[Source records]

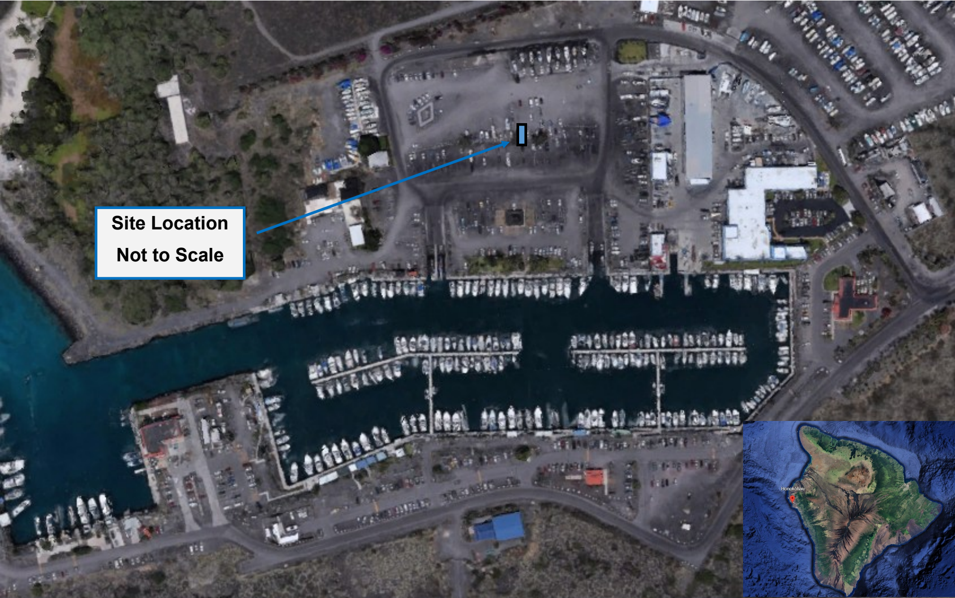
Exhibit A-1 Location of Food Truck Honokohau Small Boat Harbor
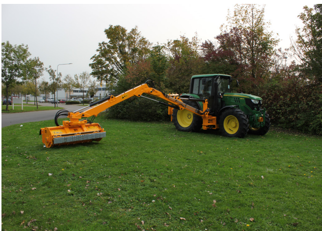
Cavalier with ecomower (KMU).
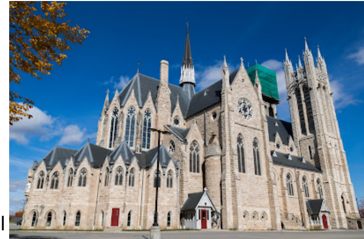
Basilica of our Lady Immaculate

A visit to the statue of John McCrae at the Basilica of our Lady Immaculate will follow – giving a grand view of the City of Guelph.
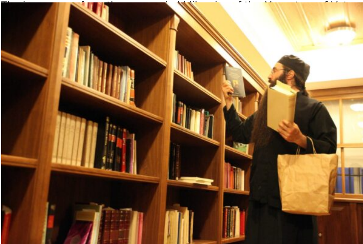
...idi, Mount e's Works, p.

If we do not care about the rights of the children, that is to love them, the spiritual law will intervene and the children will depart from us whether we want this or not.
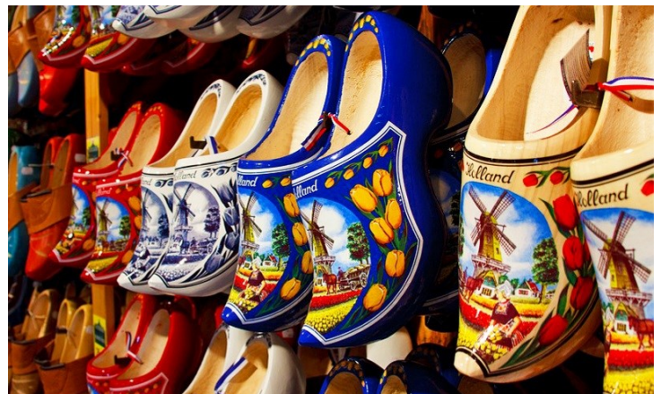
Traditional wooden Dutch clogs
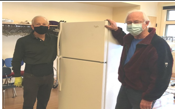
...and VSMC volunteers completed the delivery.
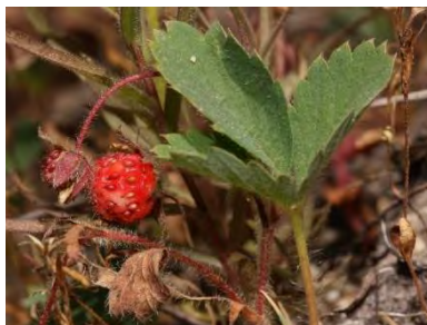
Wild Strawberry ( Fragaria virginiana )
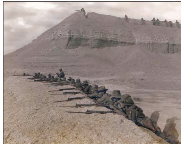
5th A.L.H. in defensive position in Sinai Desert.
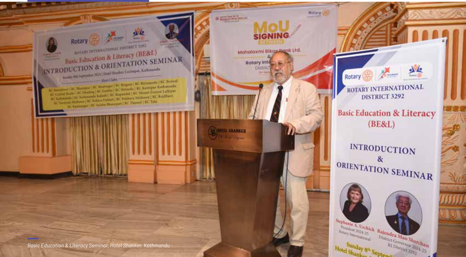
Basic Education & Literacy Seminar, Hotel Shanker, Kathmandu
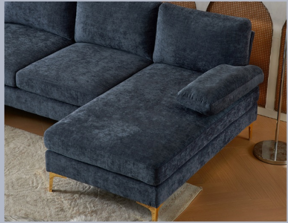
Image: Step 2 - Connecting the main sofa sections.
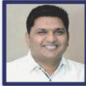
Shri. Prajakt Tanpure

Hon'ble Minister Higher & Technical Education

→ **Problem requirements**:
Return all records exactly as they stand above, except for pictures.

→ **Answer space**:
Exhibit A-1 Location of Food Truck Honokohau Small Boat Harbor
Cavalier with ecomower (KMU).
Basilica of our Lady Immaculate

A visit to the statue of John McCrae at the Basilica of our Lady Immaculate will follow – giving a grand view of the City of Guelph.
...idi, Mount e's Works, p.

If we do not care about the rights of the children, that is to love them, the spiritual law will intervene and the children will depart from us whether we want this or not.
Traditional wooden Dutch clogs
...and VSMC volunteers completed the delivery.
Wild Strawberry ( Fragaria virginiana )
5th A.L.H. in defensive position in Sinai Desert.
Basic Education & Literacy Seminar, Hotel Shanker, Kathmandu
Image: Step 2 - Connecting the main sofa sections.
Shri. Prajakt Tanpure

Hon'ble Minister Higher & Technical Education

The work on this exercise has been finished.